I think the one single thing I love about myself the most would be that I still have the imagination of a precocious kid.


----------



## limelight3 (Jul 27, 2010)

I'm happy. :laughing:


----------



## SPtheGhost (Apr 26, 2010)

im thankful for the length no doubt...but i really appreciate the girth


----------



## ertertwert (Jun 5, 2010)

I like that I come to my own conclusions instead of eating up all the shit being fed to us.


----------



## penchant (Sep 20, 2010)

my intelligence, i'm afraid... how sad isn't that... :sad:


----------



## hasenj (Sep 23, 2010)

I think I'm wise, lol 

@penchant, how is that sad?


----------



## penchant (Sep 20, 2010)

hasenj said:


> I think I'm wise, lol
> 
> @penchant, how is that sad?


i think i'd be much happier with myself if i felt that i could be proud of something that i had achieved or learned, as opposed to something i just happened to be born with...
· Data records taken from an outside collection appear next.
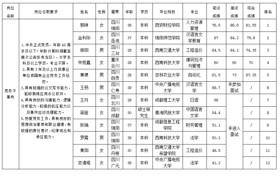 根據(jù)綿陽市投資控股(集團(tuán))有限公司發(fā)布的招聘公告及招聘相關(guān)規(guī)定,經(jīng)筆試、面試等程序,現(xiàn)將筆試(面試)成績(jī)予以公示。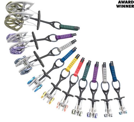 When the Black Diamond Camalots are clipped to your rack, they are easy to select as both the cam lobes and the durable nylon sling are color coded – .3 – Blue, .4 – Grey, .5 – Purple, .75 – Green, 1 – Red, 2 – Yellow, 3 – Blue, 4 – Grey, 5 – Purple, 6 – Green. If you pick up a rack pack of color coded Neutrino Carabiners or Oz Carabiners, you’ll have one sweet package for rock protection.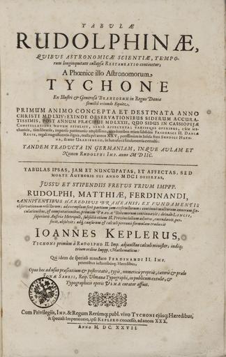 Keywords: 8107-2Keplertp.png en Tabulae Rudolphinae quibus astronomicae scientiae temporum longuinquitate collapsae Restauratio continetur; A Phoenice illo Astronomorum Tycho Ex Illustri Generosa Braheorum in Regni Daniae familiâ oriundo Equite Jona Saurius Saur Johann Sauer Johannes; Saurius Johannes Ulm 1627 The title page of Johannes Kepler's Rudolphine Tables 1627 the most accurate and comprehensive star catalogue and planetary tables published up until that time It contained the positions of over 1000 stars and directions for locating the planets within our solar system Kepler finished the work in 1623 and dedicated it to his patron the Emperor Rudolf II but actually published it in 1627 It is the first scientific work which extensively employs the new concept of logarithms The table's findings support Kepler's laws and the theory of a heliocentric astronomy http //mathdl maa org/images/upload_library/46/Plimpton-Smith/8107-2Keplertp tif stamp Oenipontana Biblioteca Library of Innsbruck Creator Johannes Kepler 1627 PD-old-100-1923 Tabulae Rudolphinae 1627 books Frontispieces from Austria |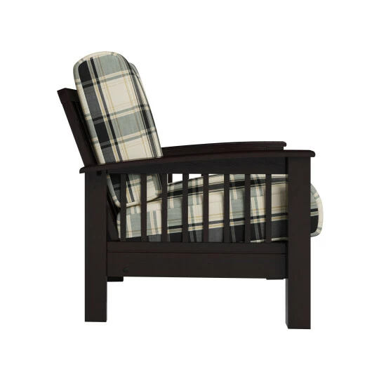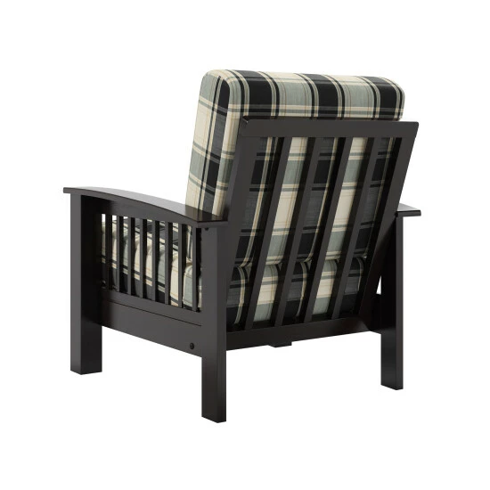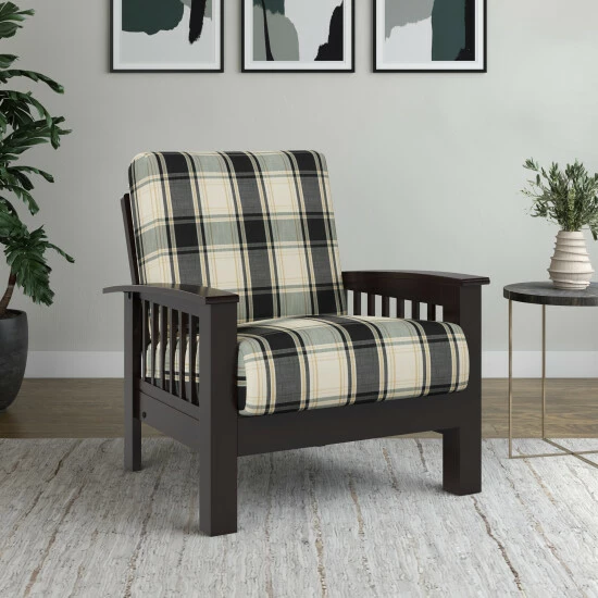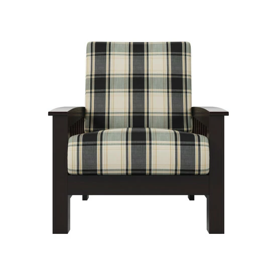 Create a relaxing living space with this casual plaid arm chair from The Gray Barn. The espresso-finished exposed wood frame features slatted arms and is finished in a dark espresso. The removable box style cushions are filled with foam and add to the overall look.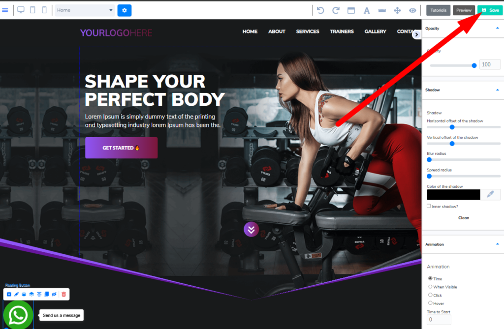 El constructor incluye un recurso nativo de botón flotante. Este botón permanece fijo en la pantalla y se ajusta automáticamente al tamaño del dispositivo del visitante.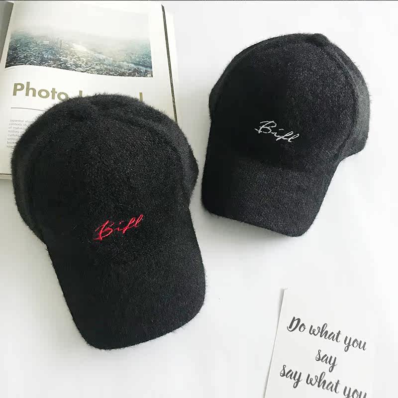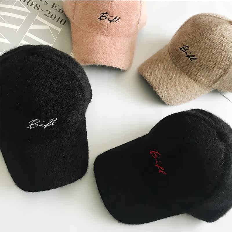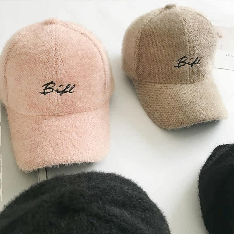 VOGANA Cannes Second Store New Year's Cute Warm Furry Embroidered Letter Baseball Cap Large Head Circumference Adjustable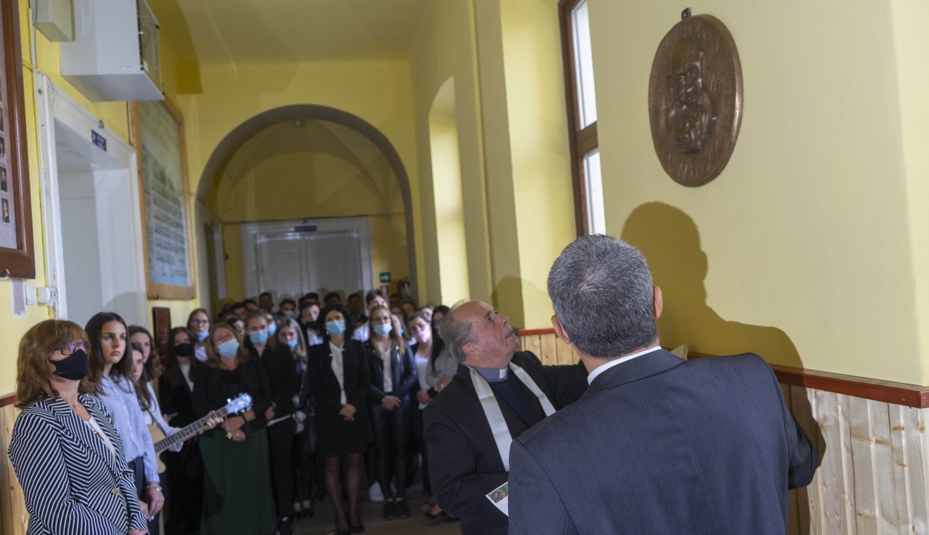 A megnyitót követően a diákok egy része jelen volt a plakettavató ünnepségen, elhangzott P. Kelemen Didák egy verse, Nánia Hanna és Nánia Hilda alkalomhoz illő dalokat adott elő. A Baksafalván (ma Kézdialmás része) 1683-ban született és Miskolcon 1744. április 28-án elhunyt hittérítőnek és írónak, a szegények pártfogójának, iskolák és kolostorok építőjeként is elévülhetetlen érdemeket szerzett minorita szerzetesnek az életét Hajlák Attila István iskolalelkész ismertette, a plakettet Varga Béla kézdi-orbaiszéki főesperes és Bejan András leplezte le. Az igazgató felolvasta az augusztus 11-én keltezett, a Holndonner Ferenc és dr. Várhelyi Krisztina által szignózott levelet is, abból kiderült, hogy a plakettet a miskolci Éltető Lélek Alapítvány adományozta, készítője Máger Ágnes miskolci festő- és szobrászművész.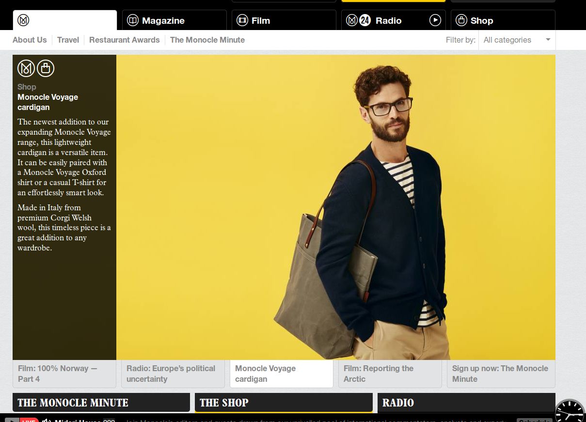 Pongamos el ejemplo de Monocle, una revista que ha creado su propia personalidad de marca y ha sabido hacerse con un nicho de mercado muy específico. Su e-commerce se enfoca en productos de ropa y complementos principalmente, pero no han descuidado el Inbound Marketing, y por eso su forma de captar la atención de su mercado ha sido mediante contenidos de calidad e interés, lo cual les ha convertido en una marca referente y está siendo clave para sus ventas.

but i might be going at this from totally the wrong angle... i guess...


----------



## sunblocker (Sep 24, 2010)

I'm really really good with metaphors. Unfortunately for me, I hate poetry, but I've found that metaphors are effective in comedy as well. 

Unfortunately, my left brain is tragically underdeveloped. I swear to god, I cannot think linearly. Makes public speaking a nightmare because my thoughts have a tendency to blur together. Maybe it helps me make connections quickly, hence my aforementioned handiness with analogy. 

I also find life to be downright hilarious, sometimes. When I'm not depressed, (and sometimes, especially when I'm depressed) everything seems to be so absurd. Then when I place the absurdity of life next to the elegance of everything else in the universe, it gets even stranger. 

I think I have a fairly unique perspective on things, but I might be wrong. I often am.

I'm running on no sleep and 500 mg of caffeine for the past 24 hours, by the way. But I think you've gotten an adequate tour of my endlessly fascinating psyche.


----------



## rowingineden (Jun 23, 2010)

I have an instinctive tendency to subtly guide people in ways that cause them to choose the paths which lead to their self-actualization.


----------



## Raichan (Jul 15, 2010)

I am just me. There is no one exactly like me.


----------



## strawberryLola (Sep 19, 2010)

The fact that I'm super weird, even though I look like I blend in.. it makes me appreciate quirkiness in others.. makes my day go by that much faster!


----------



## Jwing24 (Aug 2, 2010)

That I care for the little guy, the forgotten one.


----------



## chickydoda (Feb 12, 2010)

I love my ability to be creative, my sense of humour and style when I can be bothered to throw something nice together. I used to keep a scrapbook of clothes I wanted to add to my wardrobe when I was 13 or so and people were surprised by how stylish I could be when I put my mind to it. I just didn't have the money to purchase any of those things until much much later.


----------



## chickydoda (Feb 12, 2010)

Oh the most? I have no idea.


----------



## EnigmaticGaffe229 (Sep 30, 2010)

My childish sense of humor, and my imagination.


----------



## laurenrae08 (Oct 10, 2010)

The fact that I think about things that 99% of people don't, which allows people to find me interesting, and I like to be found as interesting.


----------



## rowingineden (Jun 23, 2010)

Just kidding! What I like about me best is my boobs!


(Not really)


----------



## Miss Tfy (Sep 28, 2010)

If I had to say one thing in particular, it would be kindness, because I see it lacking in everyone around me. (in life, not on here!)


----------



## Tuttle (Oct 30, 2009)

That I can roll with the punches.


----------



## umberto mingus (Nov 6, 2010)

I can effectively inspire others through the use of symbolic materials, especially words and music.


----------



## jdmn (Feb 5, 2010)

My optimism and confidence that all my ambitions and desires will happen, no matter the time or the way it does.


----------



## Shegg77 (Aug 2, 2010)

That I can be mature yet so childlike at the same time, or the crazy epic quotes I can give people :laughing:


----------



## yellowbritt (Jul 20, 2010)

That I'm always astonished by how strong I really am. I always underestimate myself, but in those moments when it really counts, I see my reflection and am amazed and proud of all that I am.


----------



## Iqbal (Nov 18, 2010)

That I can always stand up again no matter how hard people/circumstances tried to put me down.


----------